The resulting Mk. XIV was 1st tested in June 1941.  It was the 1st modern bomb sight that allowed for accurate bombing immediately after radical manoeuvring, with a settling time as little as 10 seconds. The fast settling time was invaluable during night bombing missions, as it allowed the bomber to fly a helical path, both climbing and turning, and then level out immediately before the drop. Even slow turns made it difficult for night fighters to track the bombers within the limited view of their radar systems, and continually changing altitude is an effective way to avoid anti-aircraft fire.

The sight head was much smaller and lighter than the older versions. This greatly reduced size meant that the sight head was easy to mount on a stabiliser system, adapted from the same Sperry gyroscope as earlier experiments. With the sight head stabilised, the bomb aimer could continue to measure drift even as he indicated turns to the pilot, eliminating the need to correct, re-measure, correct again, etc.  Moreover, the remote console and 2nd operator eliminated the need for the bomb aimer to look away from the sights to make adjustments while on the bomb run.  As a result of these changes, short aiming periods of a few seconds would be enough for an accurate drop.


The resulting Mk.
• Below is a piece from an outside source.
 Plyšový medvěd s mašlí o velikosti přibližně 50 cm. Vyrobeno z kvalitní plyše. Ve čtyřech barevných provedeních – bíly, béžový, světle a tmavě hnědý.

XII bombsight was first tested in September and October 1940, and by the end of October, 20 examples had been constructed.  A slightly improved version, the Mk. XIII, was also designed, but not put into production.  By late 1942 the Handley Page Halifax was being delivered with the sight head already installed.  In May 1943, Bomber Harris  requested that the maximum bombing altitude be increased from 20 to 30,000 feet, as the Avro Lancaster units were now carrying out missions as high as 22,000 feet. The Air Ministry responded with a compromise improvement of 25,000 feet and a more accurate angle mechanism.  These changes produced the Mk. XIVA which arrived in December 1944.  The A model also introduced the ability for the minor differences in instrument readings for indicated and true air speed between aircraft to be corrected simply by replacing a cam.

Stabilised Automatic Bomb Sight (Precision)
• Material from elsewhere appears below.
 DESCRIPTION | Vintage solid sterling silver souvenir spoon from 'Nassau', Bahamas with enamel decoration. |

The SABS consisted of 3 primary parts, the bomb sight itself, also known as the “range unit”, the stabilising system, and the “bombing directional indicator” for the pilot and other indicators, The SABS briefly saw use with the Pathfinder Force before being turned over to No. 617 Squadron RAF, the famed “Dambusters”, starting in November 1943. This squadron’s Avro Lancasters were undergoing conversion to dropping the 12,000 pounds (5,400 kg) Tallboy bomb as a precision weapon, and required the higher accuracy of the SABS for this mission. In this role the SABS demonstrated superb accuracy, routinely placing bombs within 100 yards (91 m) of their targets when dropped from about 15,000 ft (4,600 m) altitude.  The system remained hand built throughout its history and was produced in small numbers. In the end, the 617 would also be the only squadron to see operational use of the SABS, using it with the Tallboy and the larger 22,000 pounds (10,000 kg) Grand Slam.
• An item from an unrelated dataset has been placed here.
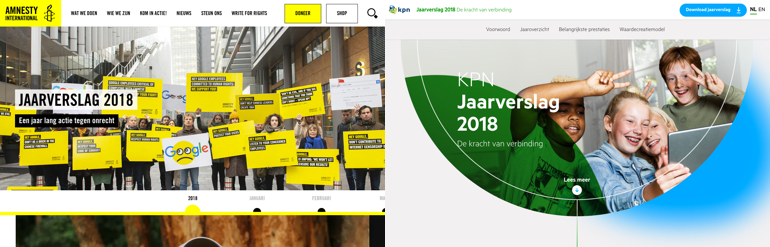 Jaarverslagen van Amnesty International (links) en KPN (rechts).

Less than 1,000 SABS bomb sights were manufactured and after the war great difficulty was experienced in finding sufficient sights to equip 2 Lincoln squadrons for precision bombing against Japan. Compare this with the 23,000 T1 sights manufactured in America. There was in Bomber Command at the time much discussion on the comparative merits of the 2 bomb sights. The SABS although potentially more accurate lacked the degree of tactical freedom afforded by the MkXlV/T1. As a result the MkXlV/T1 was known to Bomber Command as the ‘area’ bomb sight of the RAF and the SABS as the ‘precision sight.’